Per fortuna, è venuta in aiuto la riproposta di un bel programma di Emilia Brandi proprio dedicato a Necco, ormai ottantenne, nell’ambito della serie Cose nostre (Rai2, martedì, ore 18.50). «Milano chiama, Napoli risponde». Così Necco salutava il suo pubblico alla fine dei suoi servizi, nei quali raccontava le partite del Napoli.

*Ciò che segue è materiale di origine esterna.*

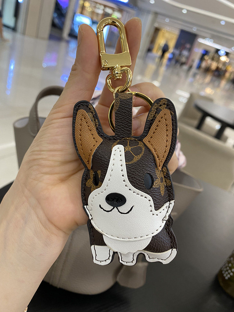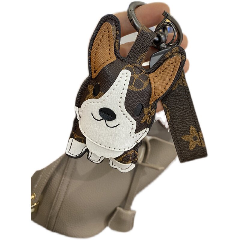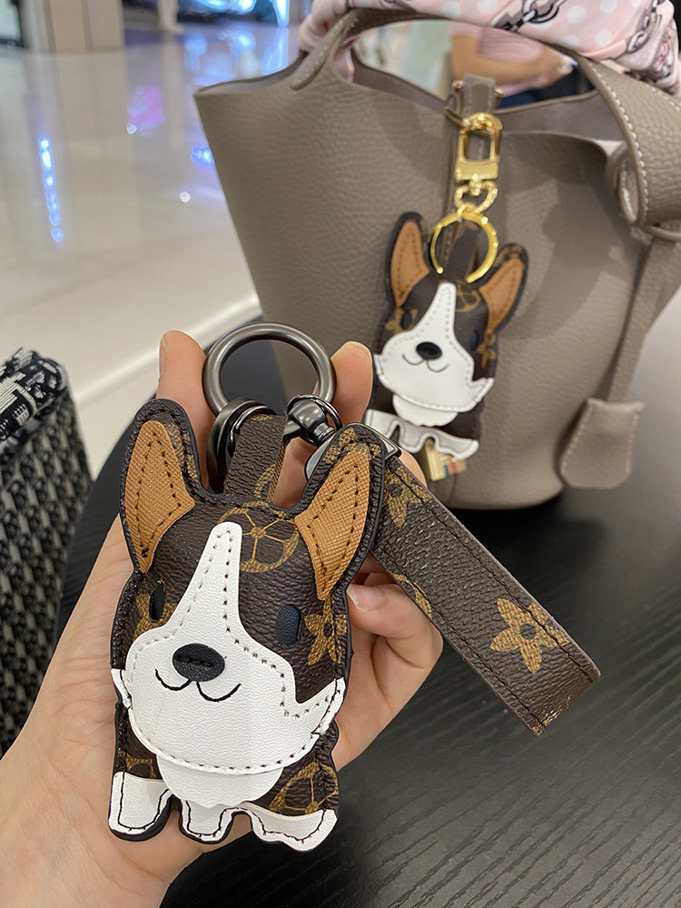 LVGEDETE Corgi Puppy Car Keychain Pendant Presbyopia Doll Female Key Chain Bag Backpack Ornament
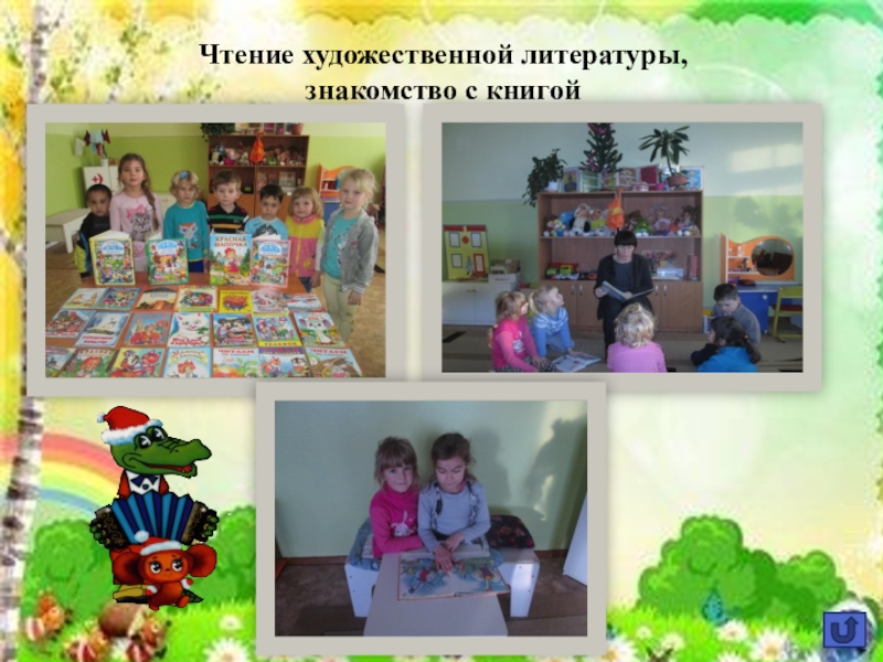Слайд 13Чтение художественной литературы, знакомство с книгой

Riappare l’immagine del cronista che lavorava al San Paolo e salutava con la mano aperta a ventaglio, sullo sfondo di guaglioncelli urlanti «Forza Napoli!». Abbiamo sempre creduto che quel teatrino domenicale fosse composto da una scalcagnata compagnia di guitti. Ci siamo caduti, come tanti scolaretti zelanti e premurosi! Ma se 90° minuto ha avuto un’audience così grande è proprio perché seguiva un rigido copione, orchestrato da Paolo Valenti. Ma Necco non si è occupato solo di calcio. Confessa alla Brandi: «Noi eravamo gente che tutta la settimana sgobbava a raccontare cronaca, fatti, misfatti, piccole conquiste della cultura o piccole conquiste del vivere civile. E poi la domenica eravamo lì, insieme con tutti gli italiani, a divertirci anche noi, a raccontare la nostra gioia individuale di giornalisti tifosi o tifosi giornalisti». La vita di Necco è anche un percorso scandito da grandi incontri, faccia a faccia con boss come Michele Zaza, Luigi Giuliano, Raffaele Cutolo, i volti sanguinari e violenti delle guerre di camorra. Nel 1981 fu «gambizzato» da un sicario probabilmente come punizione per aver parlato dei rapporti tra Cutolo e l’allora presidente dell’avellino Calcio, Antonio Sibilia. Sulla macchina gli avevano scritto: «Tu volevi fare ‘o criticone».